(Materials provided Opens)
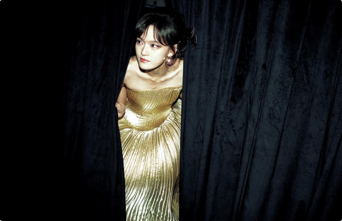 文淇这次造型也算惊喜,鎏金抹胸礼服强调了腰肢线条,裙摆夸张但不喧宾夺主。
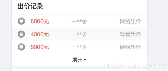 项目需求最近需要在一个页面增加出价记录列表功能,ui图如下:
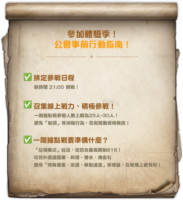 參加一階據點戰,無論勝敗,活動結束後返還所有消耗的PvP靈藥、香水!
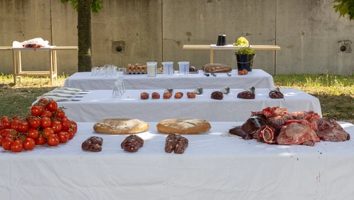 The teaching action offers visitors an immediate access to the artist’s practice – an invitation not only to view Nitsch’s idea of the Gesamtkunstwerk, but to understand it as a physical and mental experiential space.
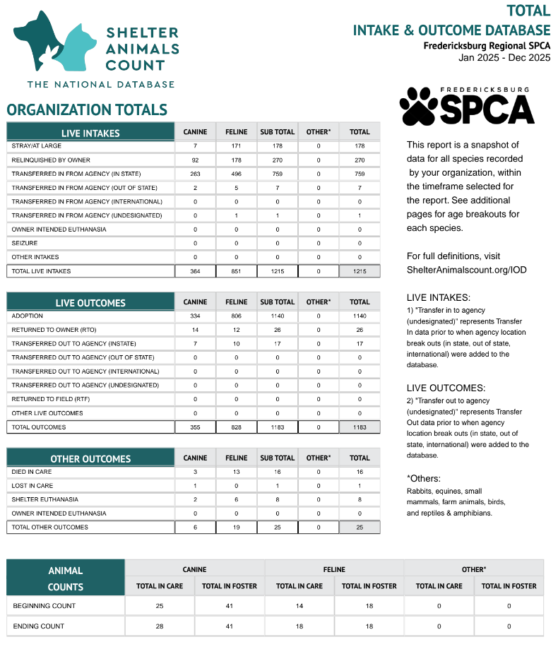 Each year, the Virginia Department of Agriculture and Consumer Services (VDACS), compiles and publicizes data from animal shelters, rescues, and organizations around the state. These statistics show, among other things, the number of animals taken in and the number of animals adopted out over the year. The live-release rate is calculated by the total number of live outcomes divided by the total number of outcomes. The Fred SPCA had a live release rate of 98% in 2025.
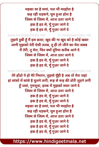 jism se jism me, aaj utar jaane de
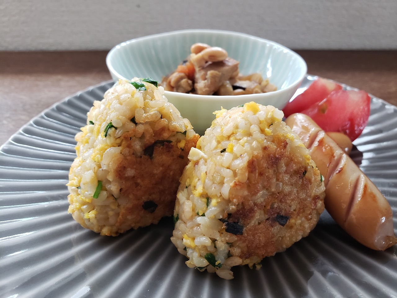 アレンジもしやすいように塩なしのおむすびを作りました。
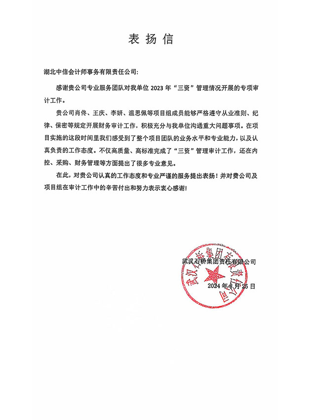 武漢石橋集團責(zé)任有限公司表揚信
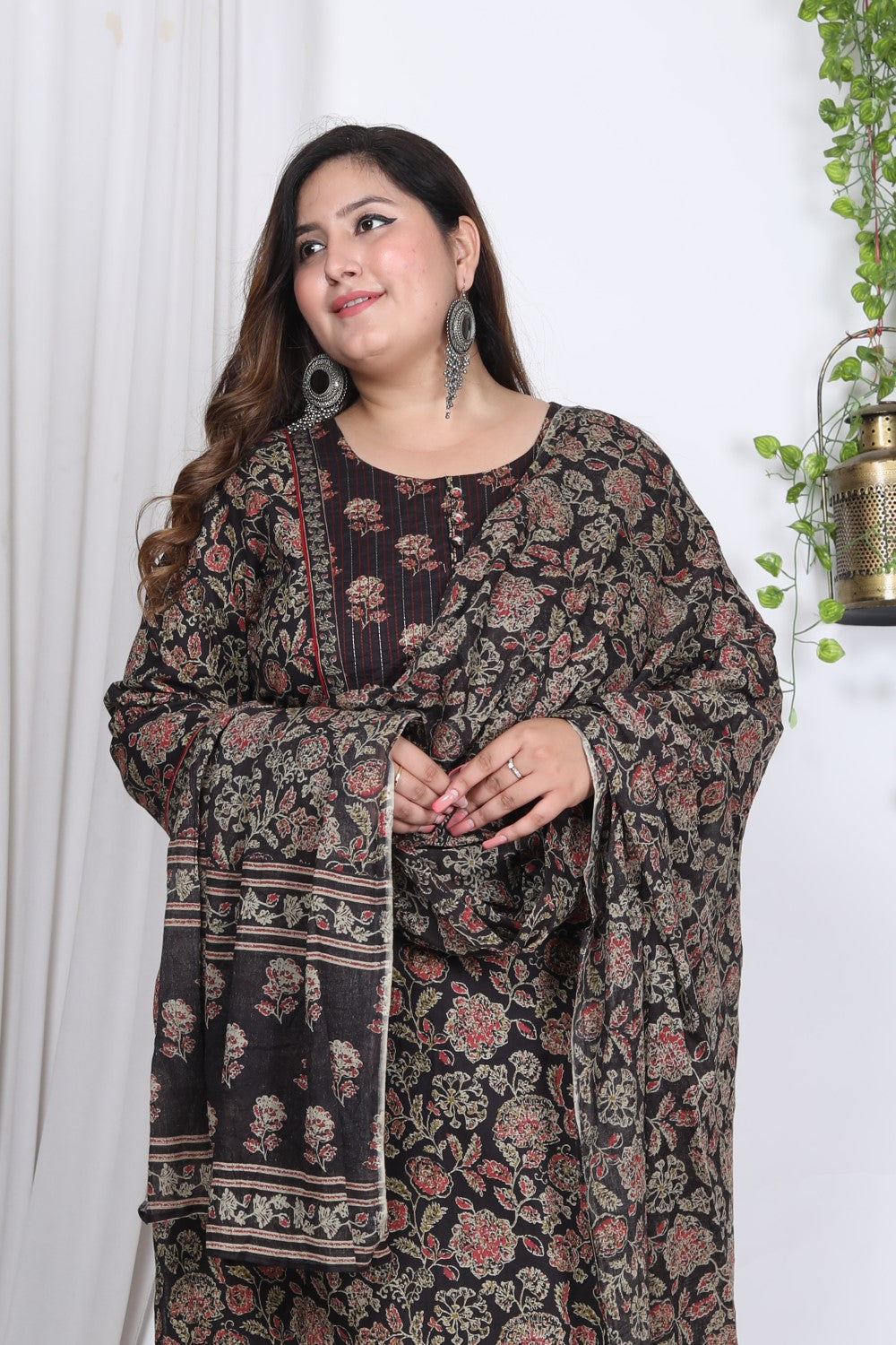 Plus Size Black Cotton Floral Print Kurta Pant Set with Dupatta
(Materials provided Closes)
**Exercise directions:**
Begin at the first line of the material and copy each line exactly through the one containing "アレンジもしやすいように塩なしのおむすびを作りました。". Omit pictures.

**Answer section:**
 文淇这次造型也算惊喜,鎏金抹胸礼服强调了腰肢线条,裙摆夸张但不喧宾夺主。
 项目需求最近需要在一个页面增加出价记录列表功能,ui图如下:
 參加一階據點戰,無論勝敗,活動結束後返還所有消耗的PvP靈藥、香水!
 The teaching action offers visitors an immediate access to the artist’s practice – an invitation not only to view Nitsch’s idea of the Gesamtkunstwerk, but to understand it as a physical and mental experiential space.
 Each year, the Virginia Department of Agriculture and Consumer Services (VDACS), compiles and publicizes data from animal shelters, rescues, and organizations around the state. These statistics show, among other things, the number of animals taken in and the number of animals adopted out over the year. The live-release rate is calculated by the total number of live outcomes divided by the total number of outcomes. The Fred SPCA had a live release rate of 98% in 2025.
 jism se jism me, aaj utar jaane de
 アレンジもしやすいように塩なしのおむすびを作りました。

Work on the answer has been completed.